- Shortstop
- Born: September 13, 2003 (age 22) Tanauan, Batangas, Philippines
- Bats: RightThrows: Right

Baseball United debut
- November 14, 2025, for the Mumbai Cobras

Medals
Men's baseball
For the Philippines
East Asia Baseball Cup
| Gold medal – first place | 2023 Bangkok | Team |
| Gold medal – first place | 2024 Philippines | Team |

= Lord de Vera =

Baseball player (born 2003)

Lord Aragorn "Agon" O. de Vera (born September 11, 2003) is a Filipino professional baseball player who is part of the Mumbai Cobras of the Baseball United.

==Early life and education==
De Vera is born on September 11, 2003 in Tanauan, Batangas to a family of athletes. His father was a basketball player while his mother is a softball player. He was taught baseball by a family friend who is a coach from the same city. He attended the De La Salle University in Manila.

==Collegiate career==
De Vera has played for the De La Salle Green Batters as an infielder in the baseball championships of the University Athletic Association of the Philippines. He was scouted by a De La Salle coach during the Asia-Pacific baseball tournament in Clark as an eight-grader.

The team won the Season 85 championship and ended as runners-up in Seasons 86 and Season 87.

==Professional career==
De Vera received an invite to participate in a workout with the Arizona Diamondbacks of Major League Baseball in 2024.

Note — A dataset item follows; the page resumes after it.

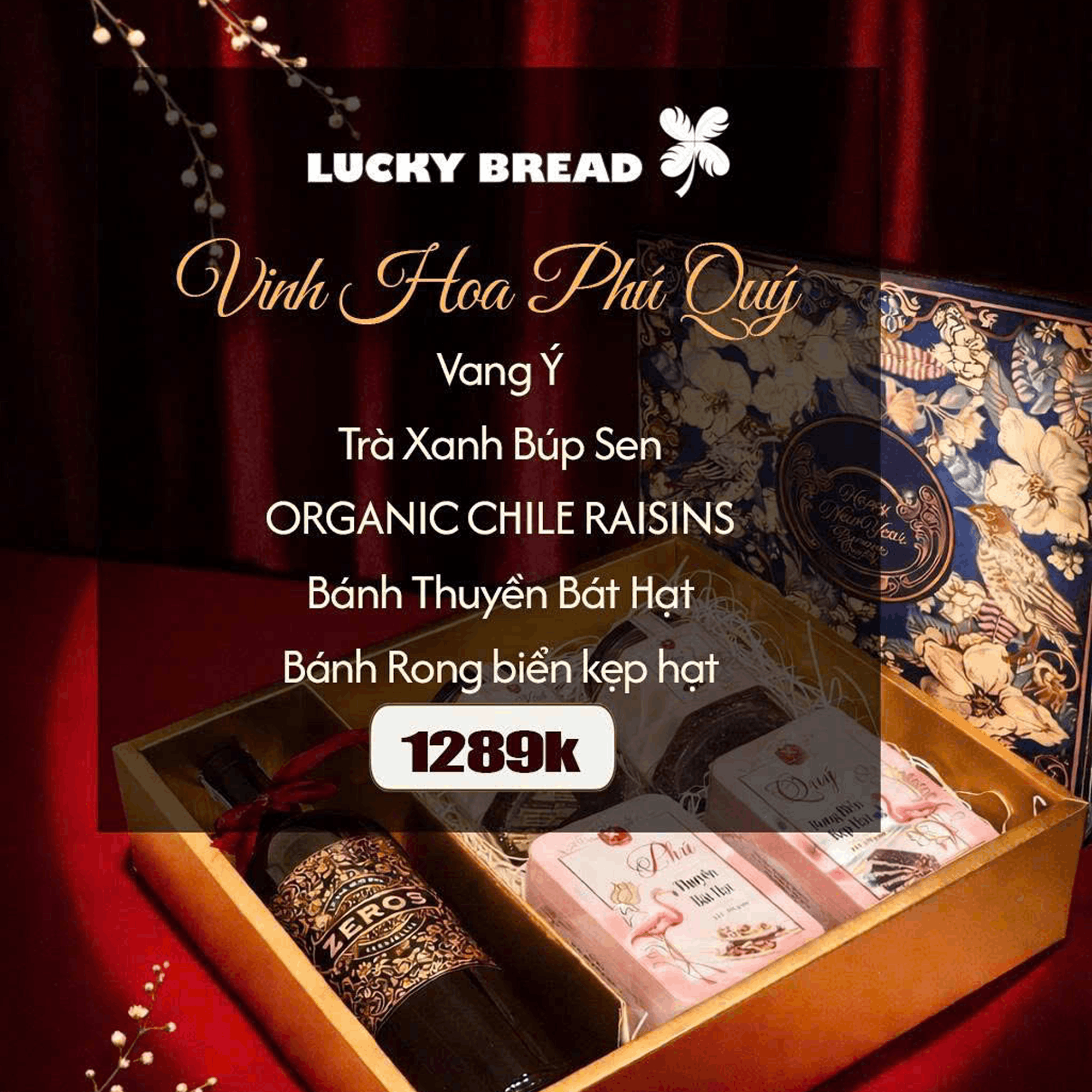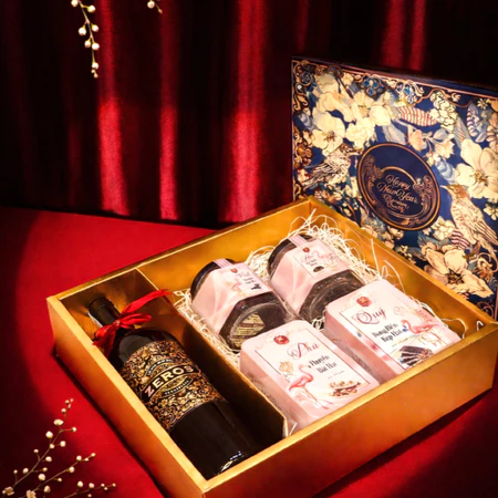 Hộp Quà Tết Vinh Hoa Phú Quý là set quà Tết tinh tế, kết hợp hài hòa giữa vang Ý, trà xanh búp sen và các dòng bánh – hạt chọn lọc, mang ý nghĩa vinh hoa – phú quý – an khang cho năm mới. Phù hợp làm quà biếu gia đình, người lớn, đối tác và khách hàng dịp Tết.

In September 2025, de Vera signed a contract with Mumbai Cobras of the Baseball United league. In doing so, he became the first Filipino-born player to sign a professional contract since Claudio Manela, who debuted in 1921 for the Cincinnati Cuban Stars in the first Negro National League. He made his Baseball United debut on November 14, 2025 during the game against the Karachi Monarchs.

==National team==
De Vera has played for the Philippines national baseball team as a shortstop. He debuted for the national team at the 2023 East Asian Baseball Cup. He was the main shortstop of the team in the 2022 Asian Games in Hangzhou, China.

==Personal life==
Lord de Vera has a younger brother named Liam, who also played for De La Salle. De Vera's second given name was derived from Aragorn, a character from The Lord of the Rings.